The problem: Write down exactly what lies from the line containing "מכנסי פשתן וכותנה" to the end of the records, inclusive, and omit the pictures.
○ ○ ○ ○
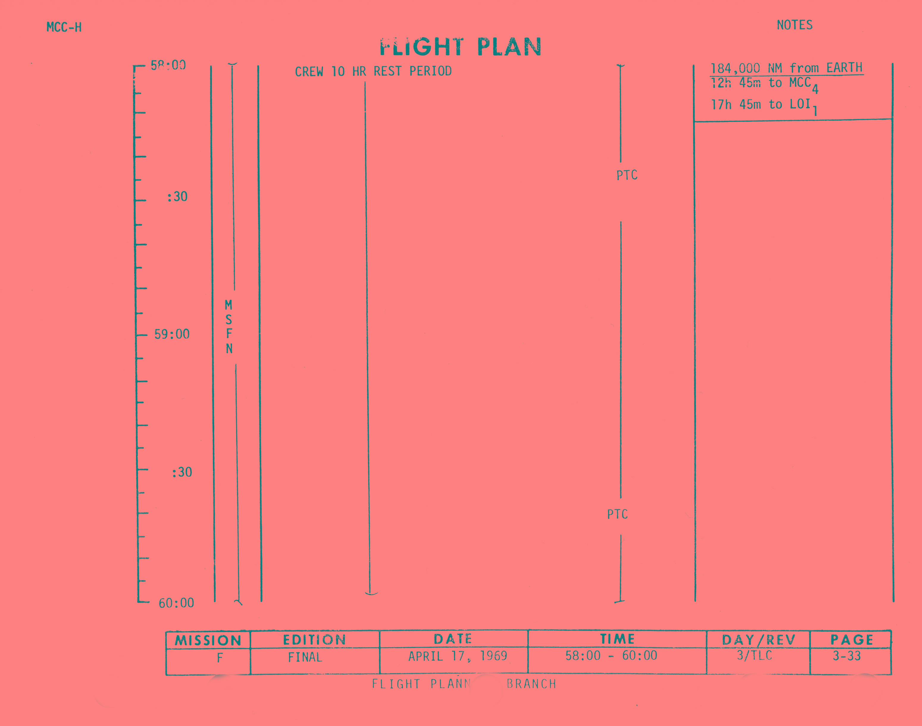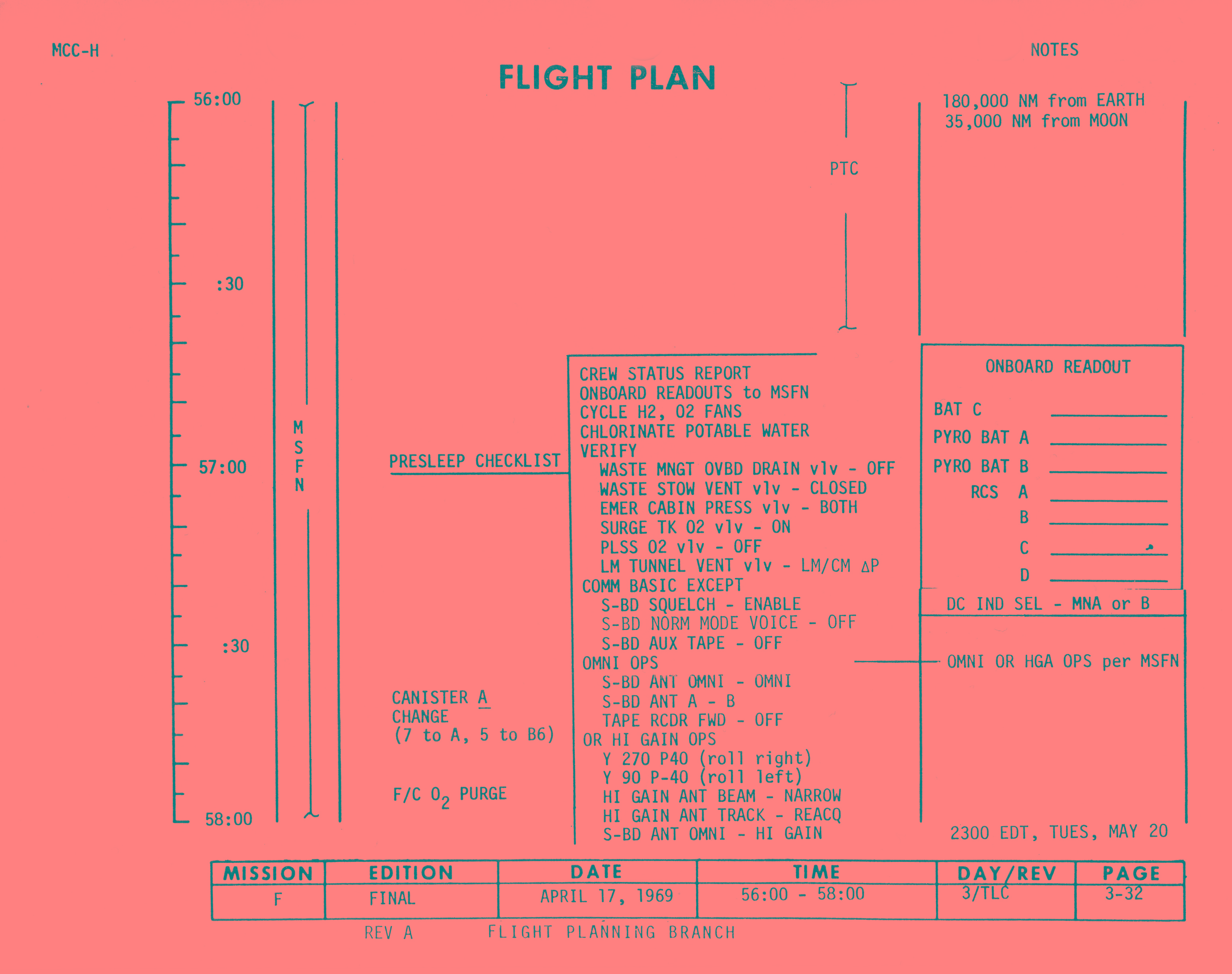 053:49:00 Young: Okay. It may sound like we've been loafing for the past couple of days, but we haven't. We've been real busy, and every spare minute we get we study our Flight Plan. So you see that pretty soon we're going to be going into orbit, and we have a completely different set of operations to go into that shows our pitch profile all around the Moon, for the first revolution. Tomorrow's a big day, and we're very much looking for it. Even though we're about 180,000 miles [333,000 km] away from the Earth here, you never get away from studying.
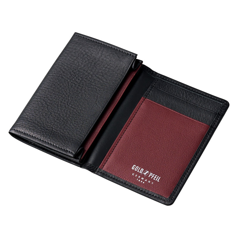 ナチュラルな牛革を使用し、ゴールドファイルのブランドカラーであるバーガンディとのコンビネーションの内づくりが特徴です。・名刺入×2・カード入×2
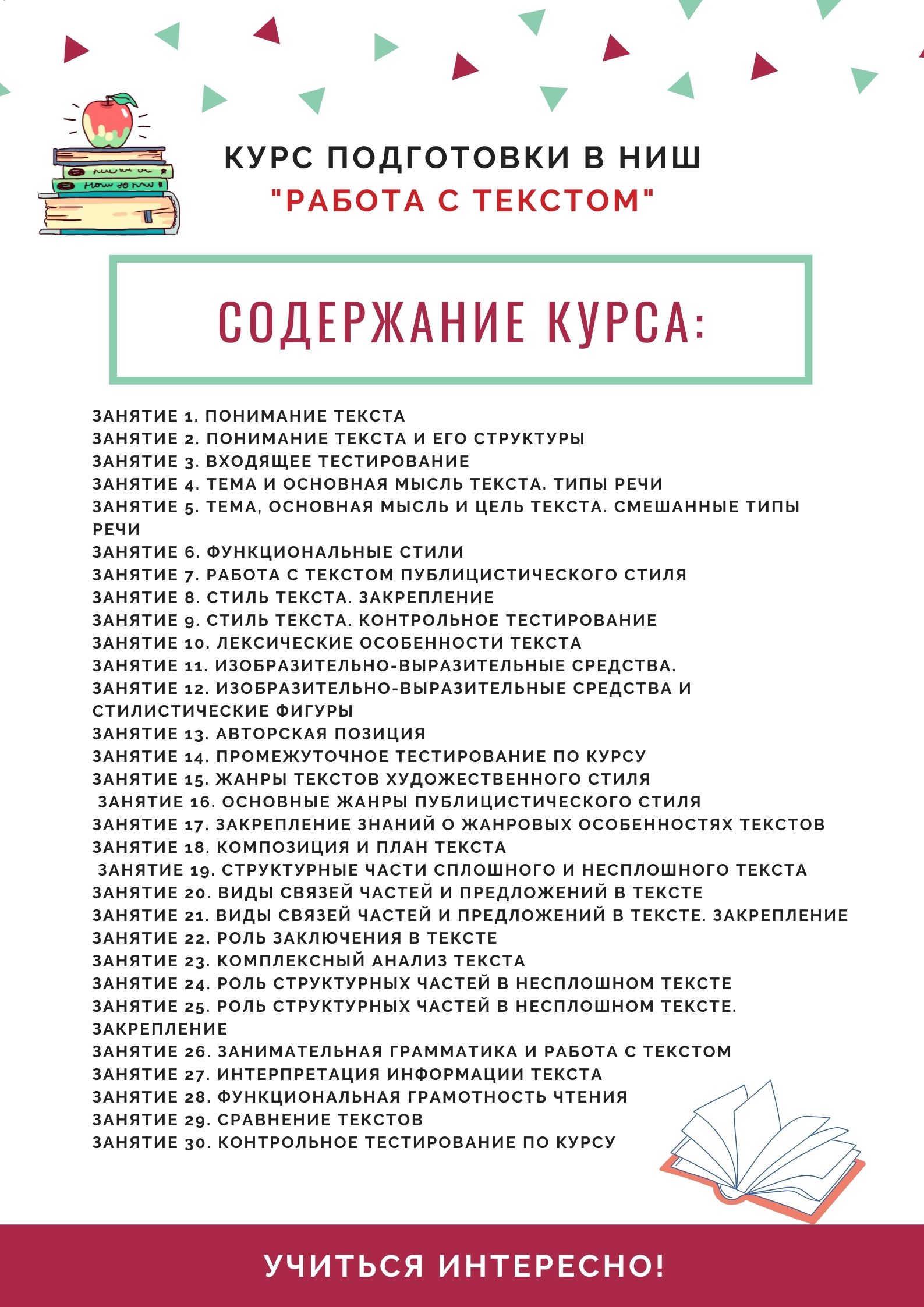 Курс содержит 30 занятий, более 500 тестовых вопросов к текстам разных стилей и жанров. Занятия расположены последовательно: от понимания текста, анализа его структуры и языковых особенностей до интерпретации и сравнения. Теория к каждому занятию включает понятия из стилистики и текстовых особенностей. Особо выделен материал для формирования функциональной грамотности чтения у учащихся, навыков анализа несплошных текстов. Данный ресурс апробирован на дополнительных занятиях для подготовки к поступлению в НИШ среди учеников 6-7 классов.
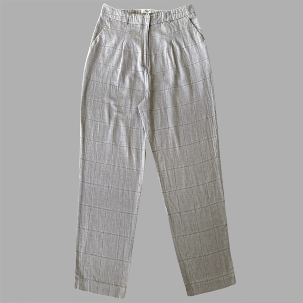 מכנסי פשתן וכותנה איכותיות בגזרה גבוהה! מידה XXL של נקסט מכנסיים משובצים בצבע אבן בז!
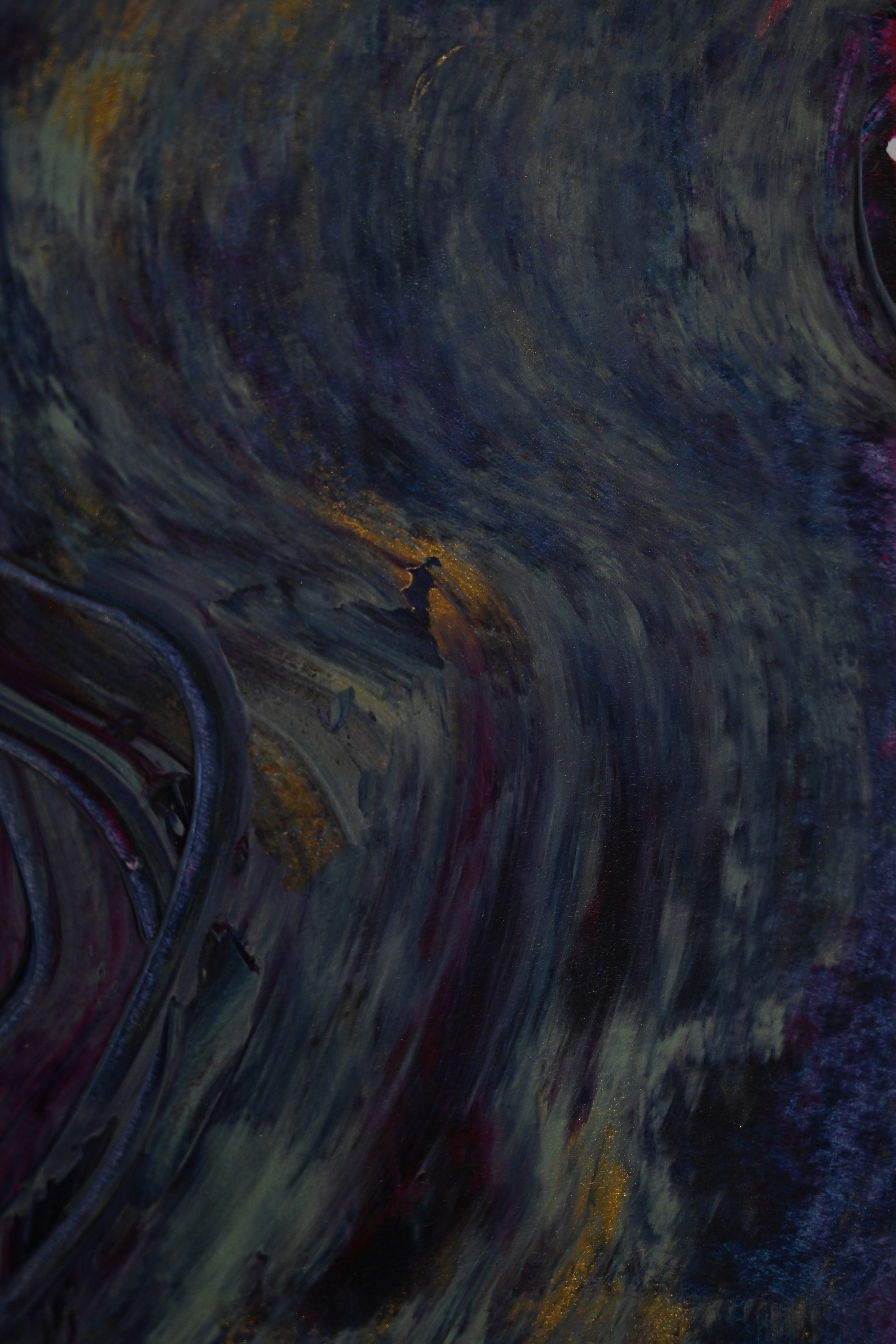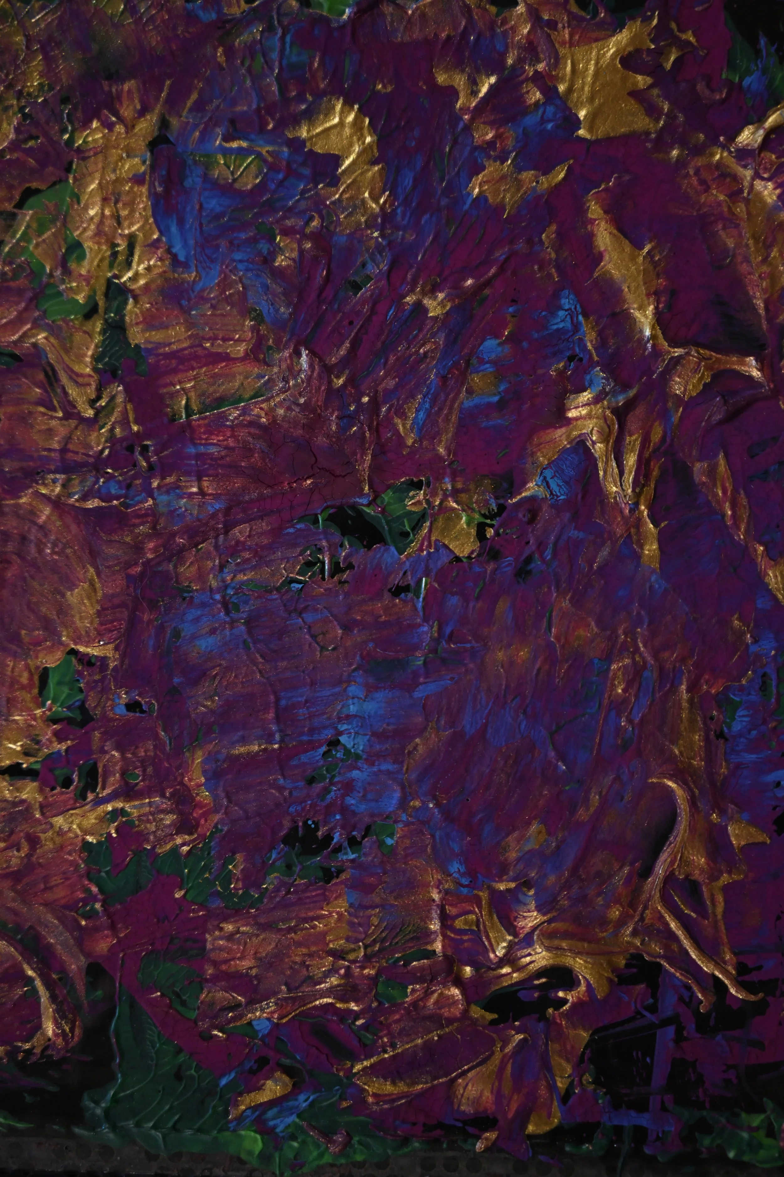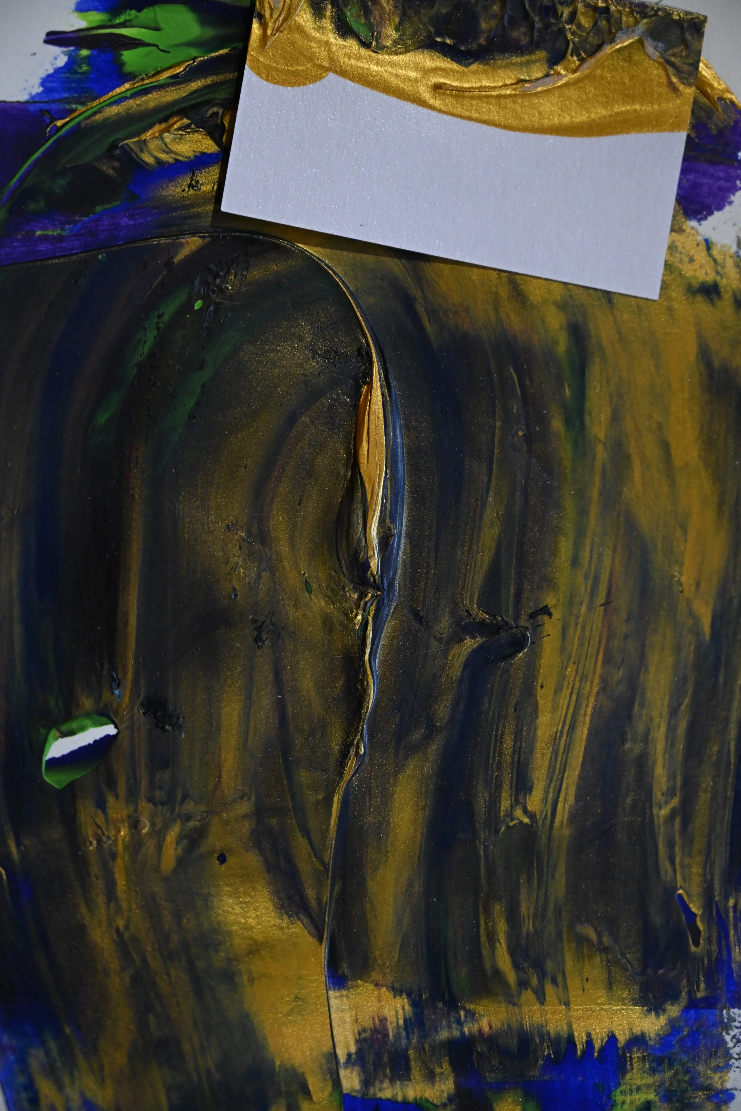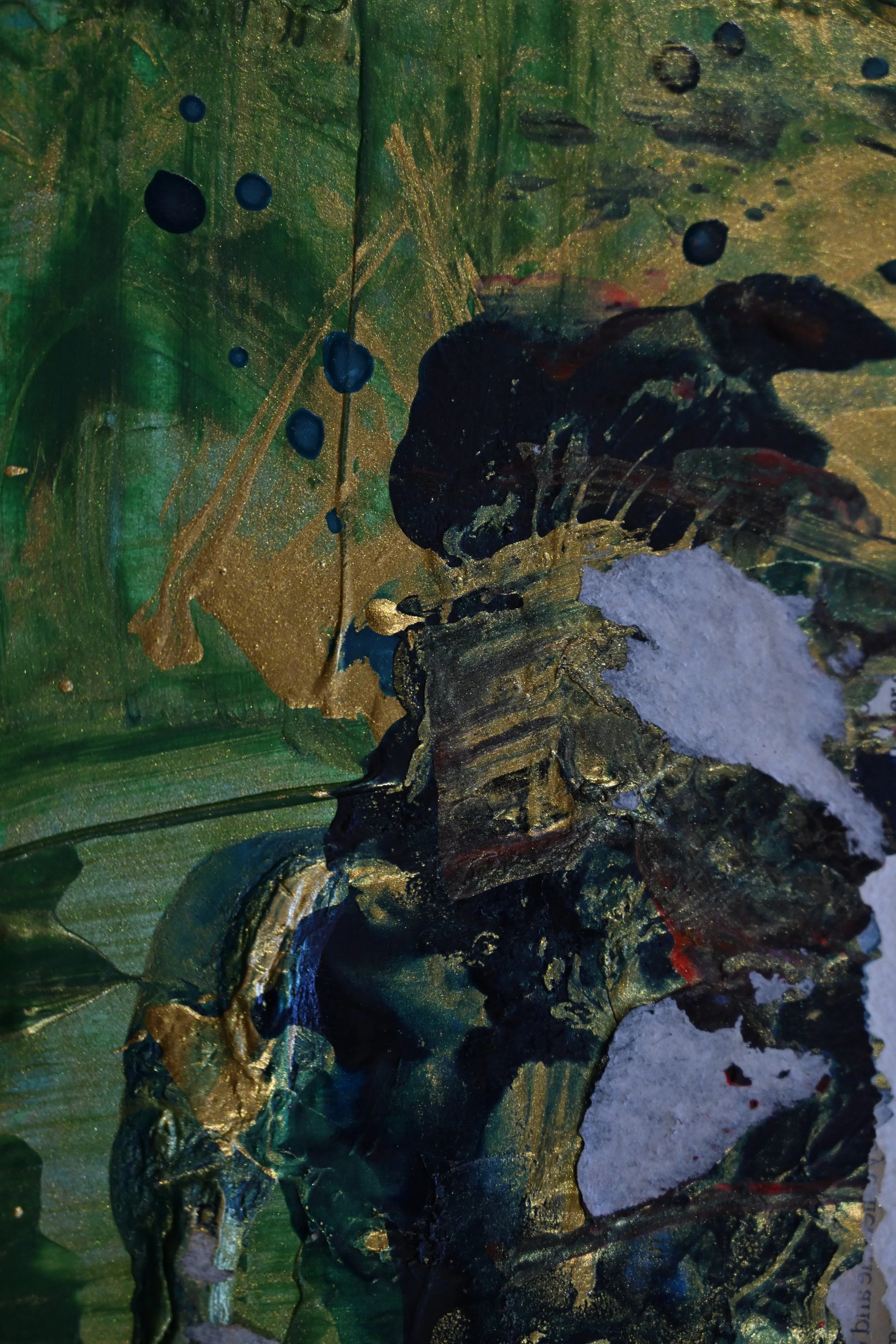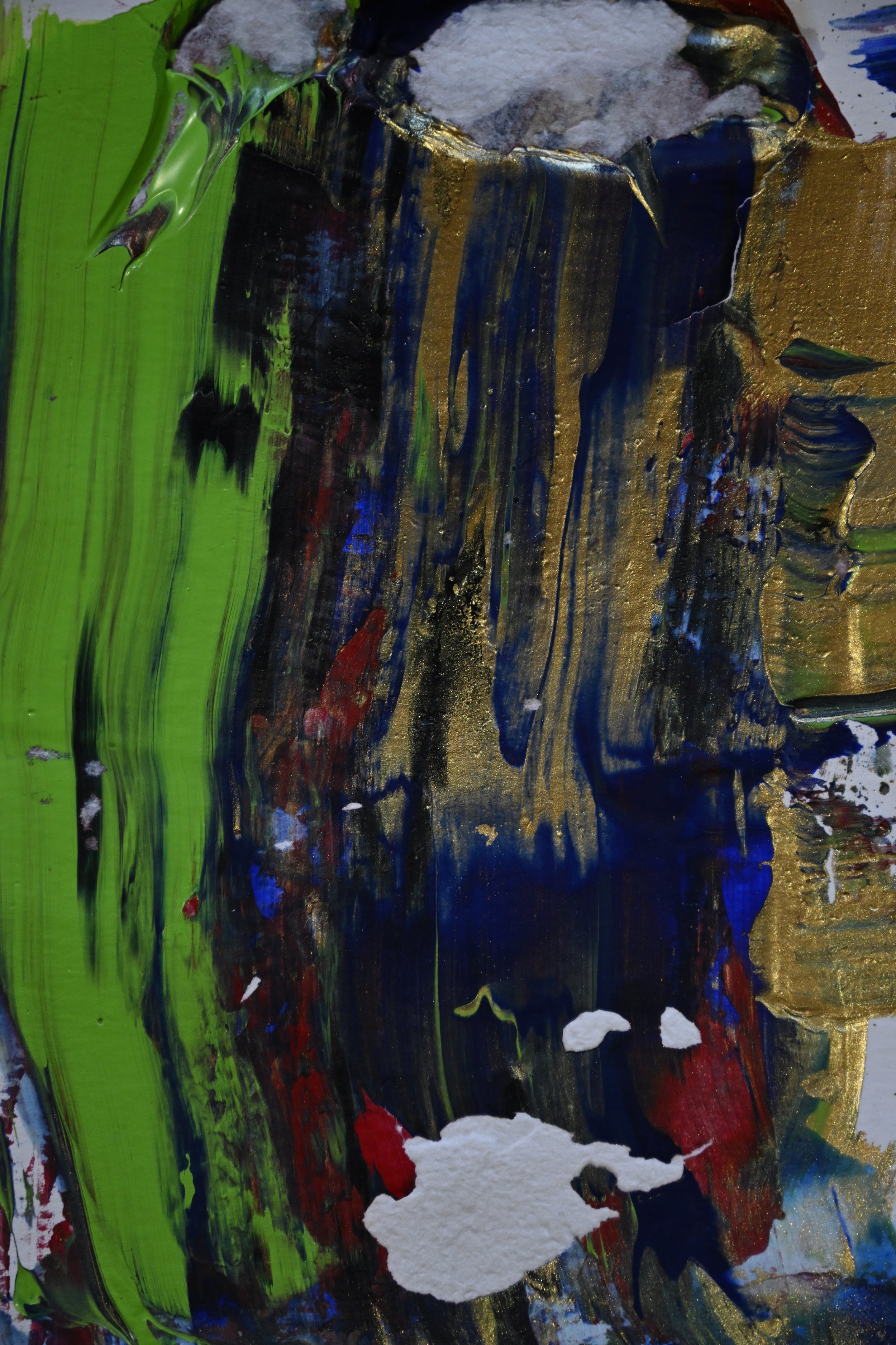 A blending of mark making, collage, cultural icons, abstraction.
○ ○ ○ ○
Task result:
 מכנסי פשתן וכותנה איכותיות בגזרה גבוהה! מידה XXL של נקסט מכנסיים משובצים בצבע אבן בז!
 A blending of mark making, collage, cultural icons, abstraction.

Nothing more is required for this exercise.